Quick, what's the shortest verse in the Bible?
If you answered, "Jesus wept" (John 11:35), you got one of them. The question needs to be changed to: What are the shortest verses in the Bible? That's because 1 Thessalonians 5:16 reads, "Rejoice always." Also two words. So there is a two-way tie for the Bible's shortest verse!
Now isn't it something that the two shortest verses deal with the perfectly opposite things: weeping and rejoicing? And the lesson could be that as Christians we are called to do both, often at the same time.
Let us weep with Jesus and yet rejoice in Him always!

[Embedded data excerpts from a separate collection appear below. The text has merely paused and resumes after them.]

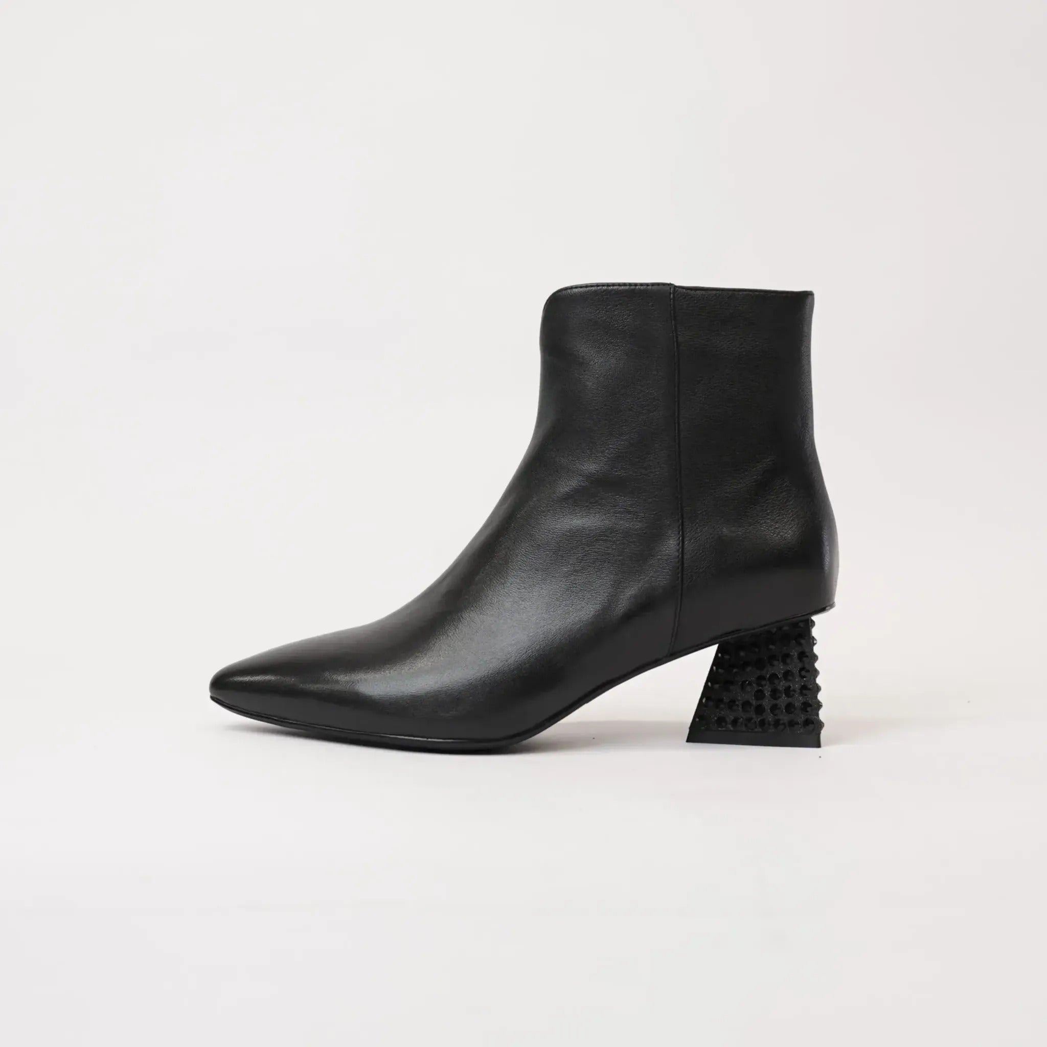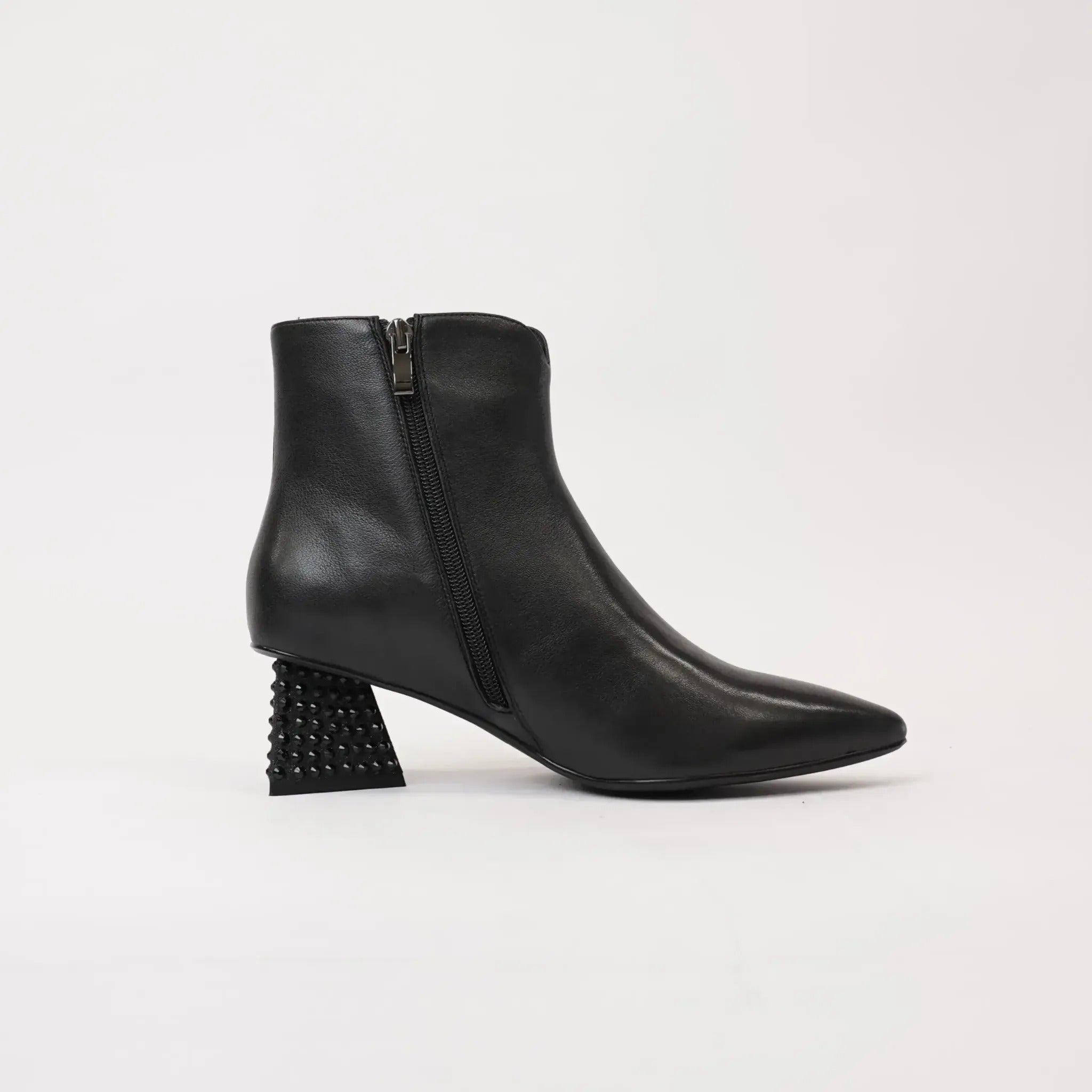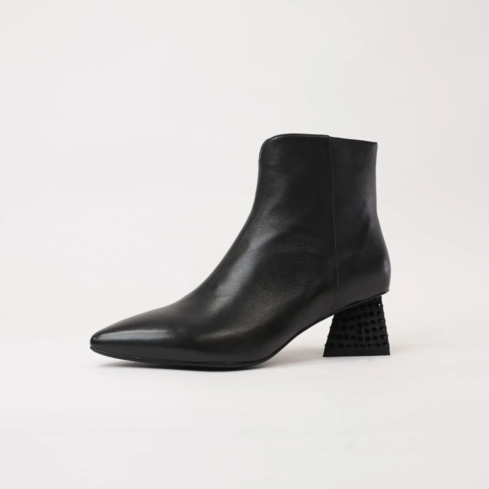 Add some sparkle to your step with Malitta Black Leather Ankle Boots by Django & Juliette. The leather upper and lining provide comfort, while the 5cm geometric heel adds a touch of height. The functional metal zip and padded insole make these boots practical, and the decorative rhinestones on the heel add a playful touch. Let your feet do the talking with these boots!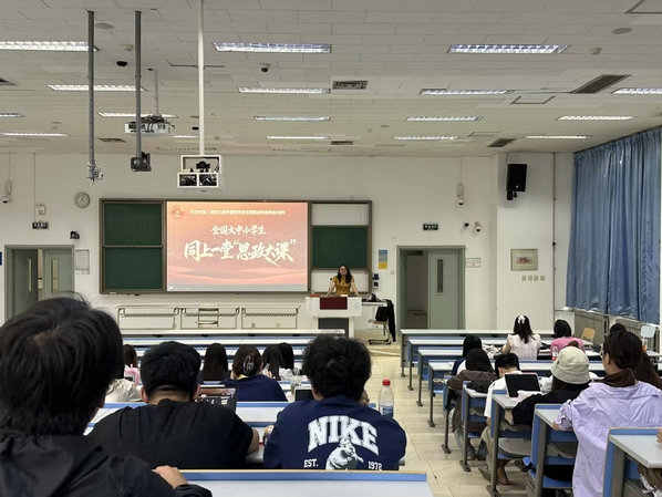 为深入学习习近平总书记在纪念中国人民抗日战争暨世界反法西斯战争胜利80周年大会上的重要讲话精神,充分发挥思政课立德树人主渠道作用,教育部开展全国大中小学生同上一堂“弘扬伟大抗战精神 做光荣自豪中国人——纪念中国人民抗日战争暨世界反法西斯战争胜利80周年”思政大课。9月18日,马克思主义学院组织全校上“习近平新时代中国特色社会主义思想概论”课的学生,随堂观看思政大课的《大学篇:大国担当》视频,并开展AI赋能“弘扬抗战精神 跨越时空对话 挺膺大国担当”教学活动。
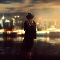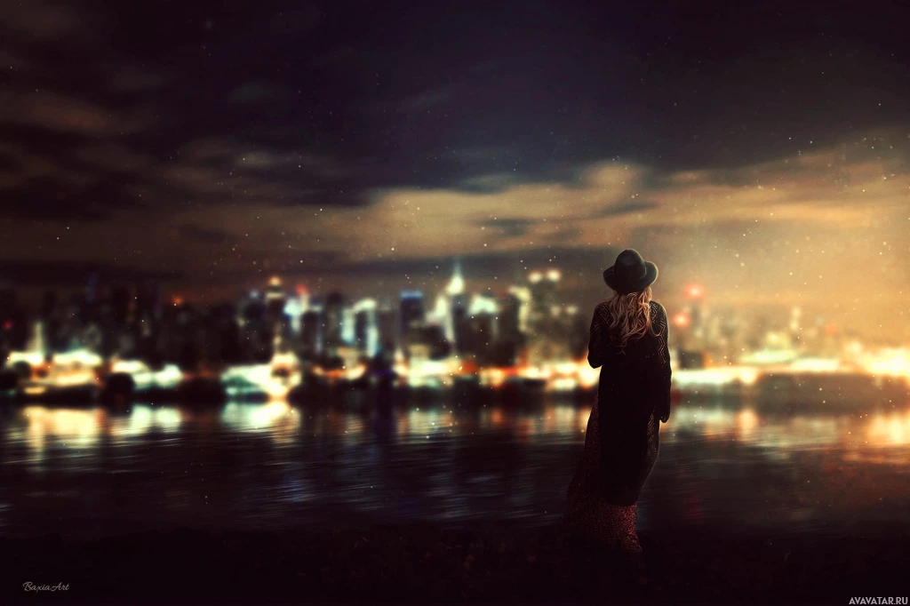 На картинке изображен человек, стоящий ночью у кромки воды. На нем, судя по всему, надета шляпа, и он повернут лицом в сторону камеры, глядя вдаль, на городской пейзаж. На воде также видна лодка, которая дополняет городскую атмосферу этого места.

Understand that weeping is not a sign of a weak faith or hope. It is the sign of a strong love. Jesus wept because He loved Lazarus who had died (see John 11:36). One pastoral concern I have is that sometimes we are trying to turn off the tears God meant for us to shed. Weeping is a part of love, and a blessed, holy thing in Jesus. Tears then wash our eyes and help us to see more clearly.
And yet we rejoice even while we weep. "Rejoice always." That includes times of sorrow. The sorrow is real but so is the joy right there next to it. At the death of a loved one there is, and often remains, a sorrow beyond words. Somehow at the same time, there is a rejoicing, sometimes quietly, in the victory of Christ over death and His promise to be with us.
Or look out at the world. It won't take long to find a reason to weep. And we should. But all the while, we rejoice in a faith, hope, and love that cannot be taken away, in a death and resurrection that cannot be undone, and in the Lord who has done it!
To others, it must be one or the other (or more often, neither). But to us it is both: weeping and rejoicing on the way to Heaven.
Remember the two shortest verses in the Bible!